However, little is known about the exact healing mechanism on the molecular scale and the correlation to the macroscopic properties of such polymers. For this purpose, the current study will focus on the design of polymers containing π–π interactions and the quantification of the healing behavior as well as the in-depth characterization of the molecular behavior and the macroscopic properties, which reveals new insights into the self-healing materials based on π–π interactions.

Results and Discussion

Polymer synthesis

For the synthesis of supramolecular polymers based on π-π interactions a literature reported procedure was utilized (see Scheme 1), which described the synthesis of polypropylene glycol-based polymers featuring aromatic diimides [23]. Following the procedure, perylene-3,4,9,10-tetracarboxylic dianhydride was converted with poly(propylene glycol) bis(2-aminopropyl ether) with a molar mass of approximately 2000 g/mol resulting in polymer P1. In order to study the influence of the polymer backbone on the material’s properties, the diamine containing polymer was exchanged to a triblock copolymer of poly(propylene glycol)-block-poly(ethylene glycol)-block-poly(propylene glycol) (PPG3-PEG39-PPG3) featuring also two amine groups as end groups. The molar mass of this reactant was 1900 g/mol. The conversion with perylene-3,4,9,10-tetracarboxylic dianhydride resulted in polymer P2. In both synthesis protocols imidazole was applied as a catalyst in order to obtain higher molar masses.


Scheme 1: Schematic representation of the polymer synthesis of P1 and P2.

Subsequently, both polymers were characterized regarding their structure. For this purpose, size exclusion chromatography (SEC) was performed revealing a molar mass of Mn = 11,400 g/mol for P1 and Mn = 17,400 g/mol for P2 with respect to a PEG-standard. The SEC traces of both polymers are depicted in Supporting Information File 1. Furthermore, the polymers were analyzed using NMR spectroscopy. Herein, all signals could be assigned to both moieties within the polymers, the perylene and the polymer backbone. All spectra are shown in Supporting Information File 1.
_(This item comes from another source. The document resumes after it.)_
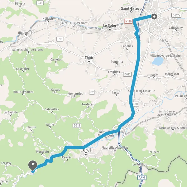 Au rond-point, prendre la 1ère sortie sur D115 (Avenue du Vallespir) et continuer sur 1,4 kilomètre
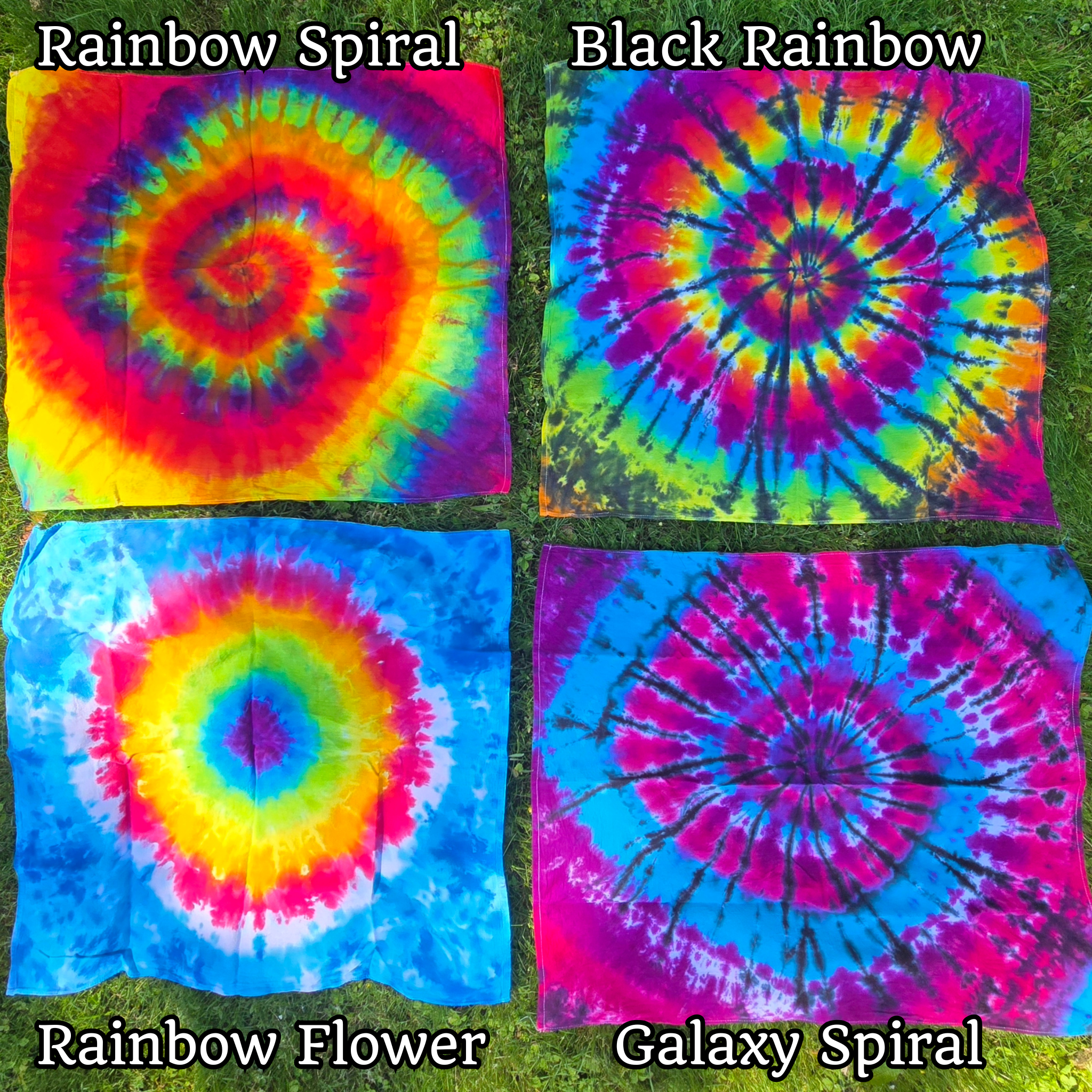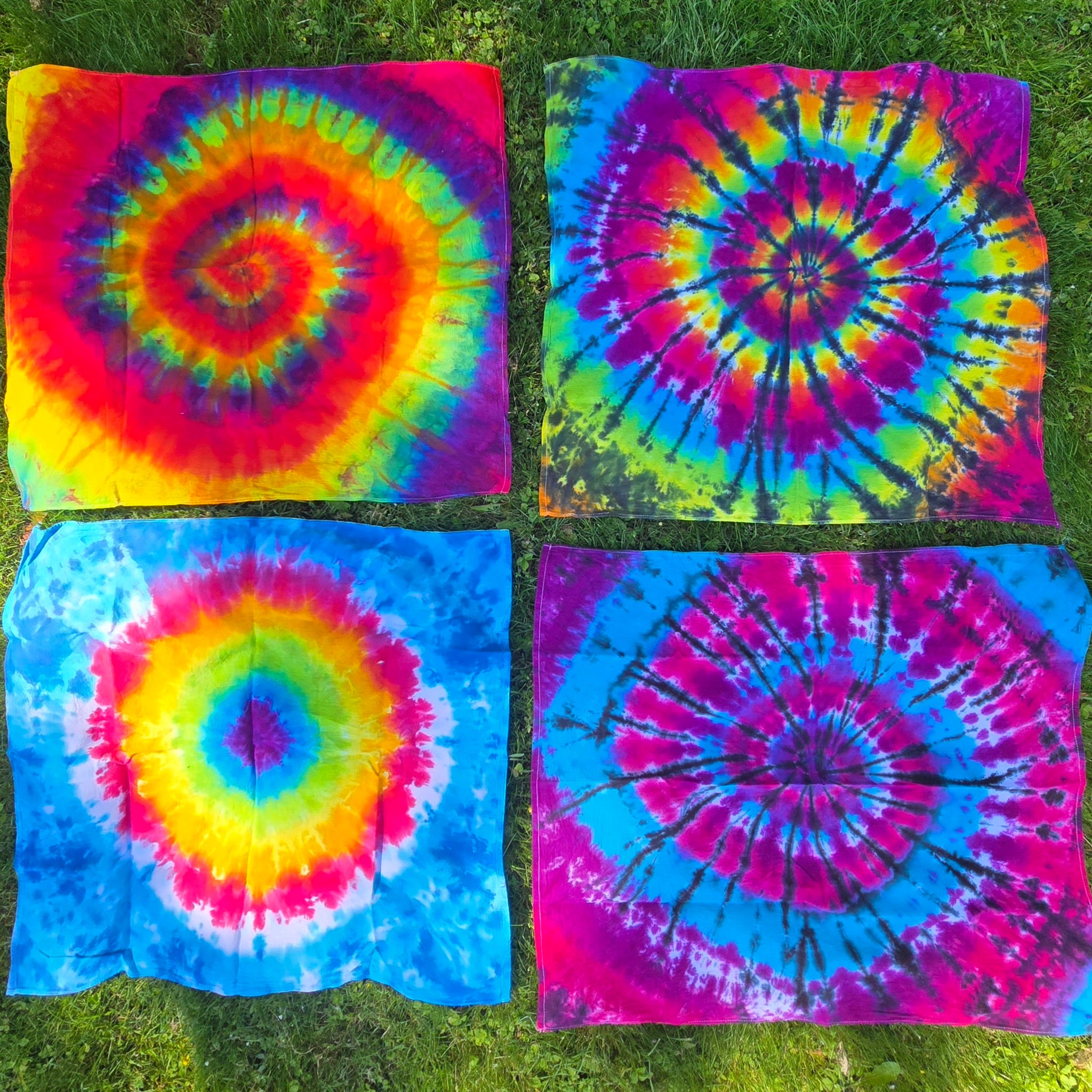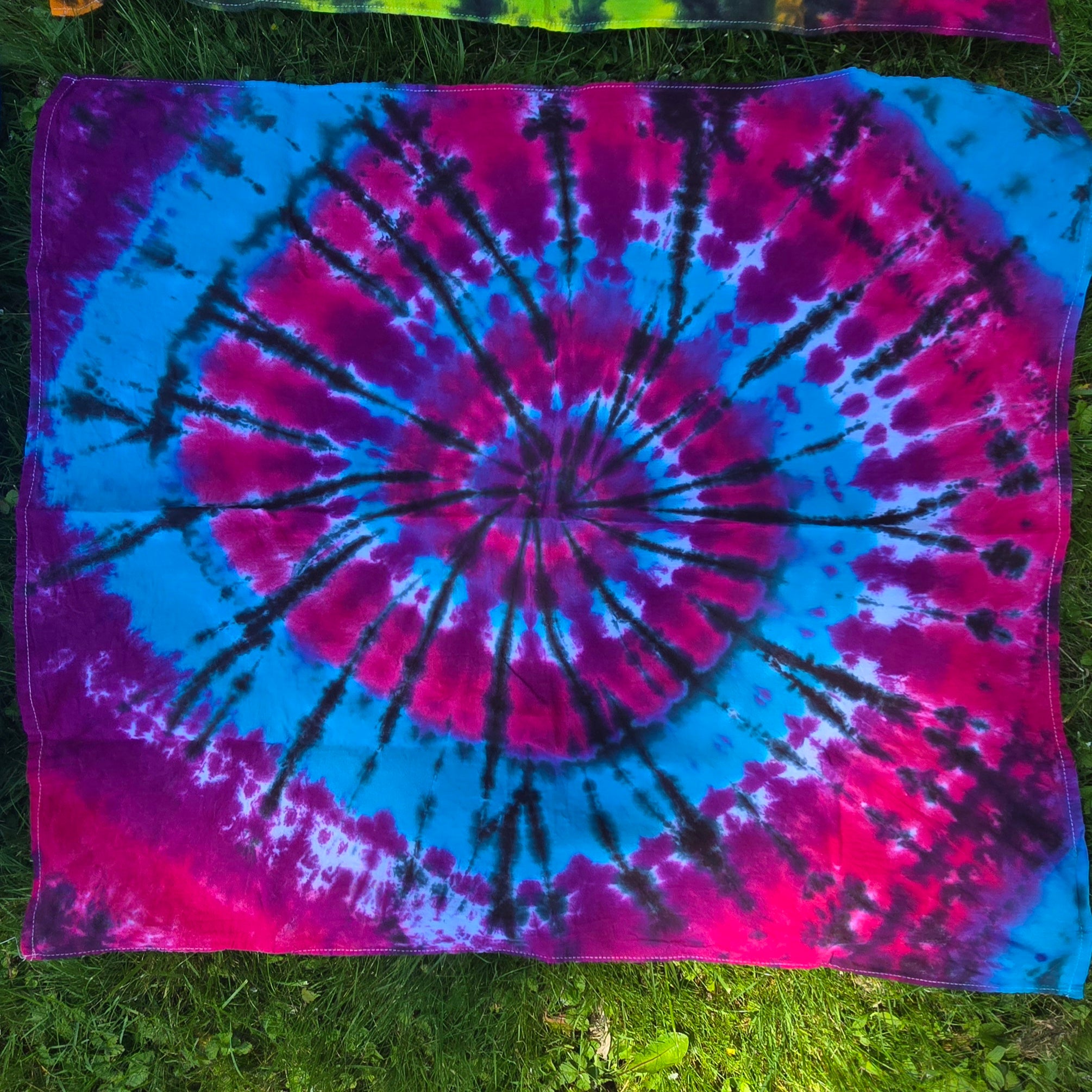 Infuse your space with a burst of color and creativity with our Hand Dyed Tie Dye Tapestries. Each 35"x32" piece is a unique work of art, perfect for adding personality anywhere. Hand Dyed and one of a kind, these tapestries are versatile and vibrant. Made out of 100% cotton absorbent tea towel material, they can even be used as a kitchen towel!

Characterization of the polymers

After the synthesis of the polymers, the material and structural properties were analyzed in detail in order to study the molecular behavior and to correlate these results later with the healing behavior of the polymers. Firstly, the thermal properties of both polymers were investigated via differential scanning calorimetry (DSC) and thermogravimetric analysis (TGA). The TGA revealed a high thermal stability up to a temperature of 370 °C (for curves see Supporting Information File 1). The temperature was determined at a residual mass of 95%. The DSC on the other hand indicates several thermal transitions (see Figure 1). Both polymers feature a glass transition temperature (Tg) at −58 °C (P1) and −51 °C (P2), respectively. Furthermore, the polymers have an endothermic transition at 129 °C (P1) and 126 °C (P2). This transition is associated with the activation of the perylene domains, which was also reported in literature [23]. During cooling, the reformation of the perylene domain was also observed. Finally, P2 featured a second endothermic transition at 13 °C, which is based on the melting of the short PEG-block [24].


Figure 1: DSC-analysis of the polymers P1 and P2 (second heating and cooling cycle; 20 K/min for heating and cooling) with a glass transition temperature (Tg) at −58 °C (P1) and −51 °C (P2) and the endothermic transition at 129 °C (P1) and 126 °C (P2). In addition, P2 shows a Tm at 13 °C.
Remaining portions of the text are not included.